PCNSE8 Online Practice Questions and Answers

An administrator has been asked to configure active/active HA for a pair of Palo Alto Networks NGFWs. The firewall use Layer 3 interfaces to send traffic to a single gateway IP for the pair. Which configuration will enable this HA scenario?

A. The two firewalls will share a single floating IP and will use gratuitous ARP to share the floating IP.

B. Each firewall will have a separate floating IP, and priority will determine which firewall has the primary IP.

C. The firewalls do not use floating IPs in active/active HA.

D. The firewalls will share the same interface IP address, and device 1 will use the floating IP if device 0 fails.

An administrator pushes a new configuration from Panorama to a pair of firewalls that are configured as an active/passive HA pair. Which NGFW receives the configuration from Panorama?

A. The Passive firewall, which then synchronizes to the active firewall

B. The active firewall, which then synchronizes to the passive firewall

C. Both the active and passive firewalls, which then synchronize with each other

D. Both the active and passive firewalls independently, with no synchronization afterward

An administrator needs to implement an NGFW between their DMZ and Core network. EIGRP Routing between the two environments is required. Which interface type would support this business requirement?

A. Virtual Wire interfaces to permit EIGRP routing to remain between the Core and DMZ

B. Layer 3 or Aggregate Ethernet interfaces, but configuring EIGRP on subinterfaces only

C. Tunnel interfaces to terminate EIGRP routing on an IPsec tunnel (with the GlobalProtect License to support LSVPN and EIGRPprotocols)
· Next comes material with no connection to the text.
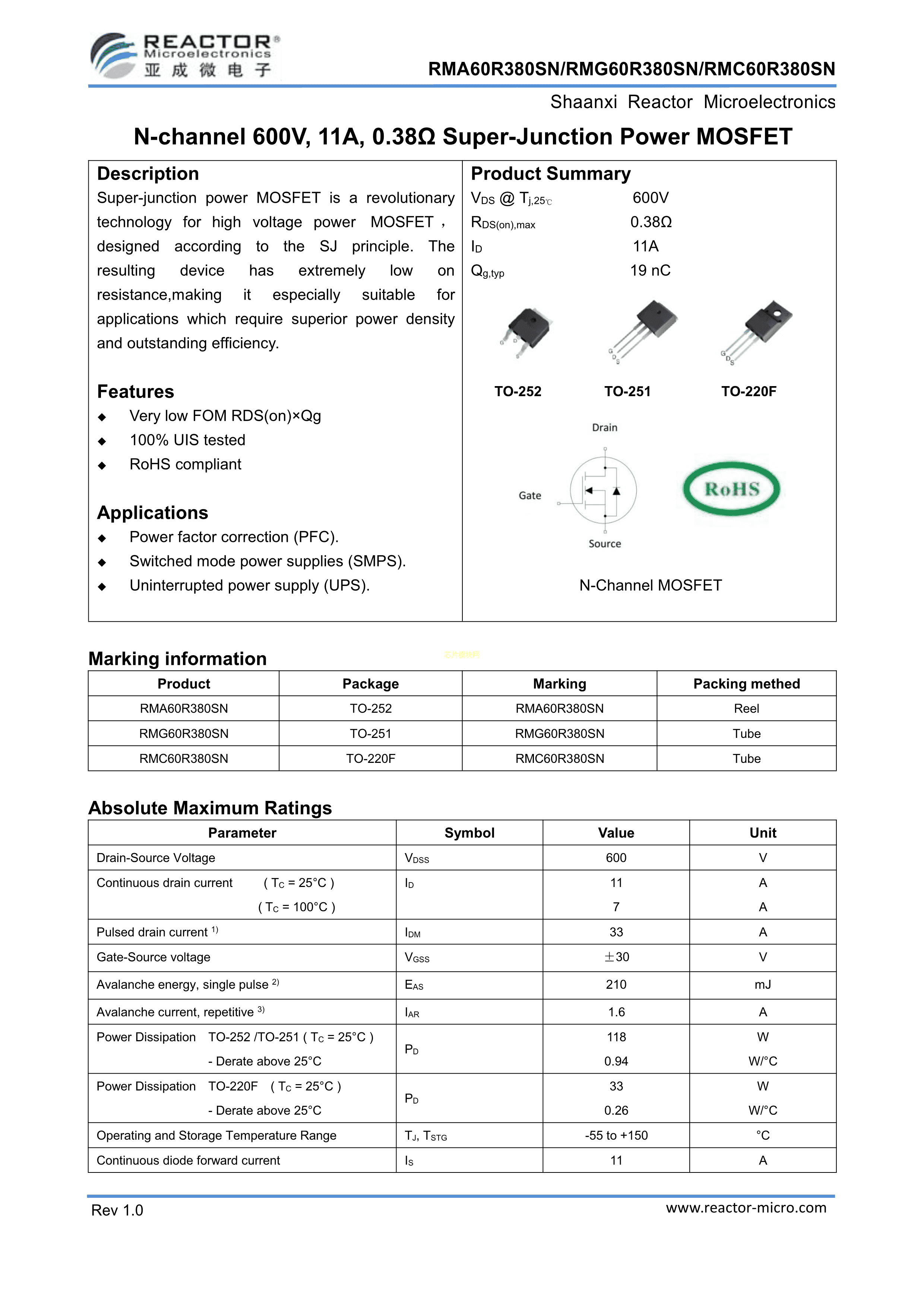 RMC60R380SN数据手册TO-220F封装Reactor-Micro(亚成微)PDF规格书,中

D. Layer 3 interfaces, but configuring EIGRP on the attached virtual router

An administrator has been asked to configure a Palo Alto Networks NGFW to provide protection against external hosts attempting to exploit a flaw in an operating system on an internal system.

Which Security Profile type will prevent this attack?

A. Vulnerability Protection

B. Anti-Spyware

C. URL Filtering

D. Antivirus

Which two options prevent the firewall from capturing traffic passing through it? (Choose two.)

A. The firewall is in multi-vsys mode.

B. The traffic is offloaded.

C. The traffic does not match the packet capture filter.

D. The firewall's DP CPU is higher than 50%.

What is exchanged through the HA2 link?

A. hello heartbeats

B. User-ID information

C. session synchronization

D. HA state information

Which logs enable a firewall administrator to determine whether a session was decrypted?

A. Correlated Event

B. Traffic

C. Decryption

D. Security Policy

In which two types of deployment is active/active HA configuration supported? (Choose two.)

A. TAP mode

B. Layer 2 mode

C. Virtual Wire mode

D. Layer 3 mode

What can missing SSL packets when performing a packet capture on dataplane interfaces?

A. The packets are hardware offloaded to the offloaded processor on the dataplane

B. The missing packets are offloaded to the management plane CPU

C. The packets are not captured because they are encrypted

D. There is a hardware problem with offloading FPGA on the management plane

What are two prerequisites for configuring a pair of Palo Alto Networks firewalls in an active/passive High Availability (HA) pair? (Choose two.)

A. The firewalls must have the same set of licenses.

B. The management interfaces must to be on the same network.

C. The peer HA1 IP address must be the same on both firewalls.

D. HA1 should be connected to HA1. Either directly or with an intermediate Layer 2 device.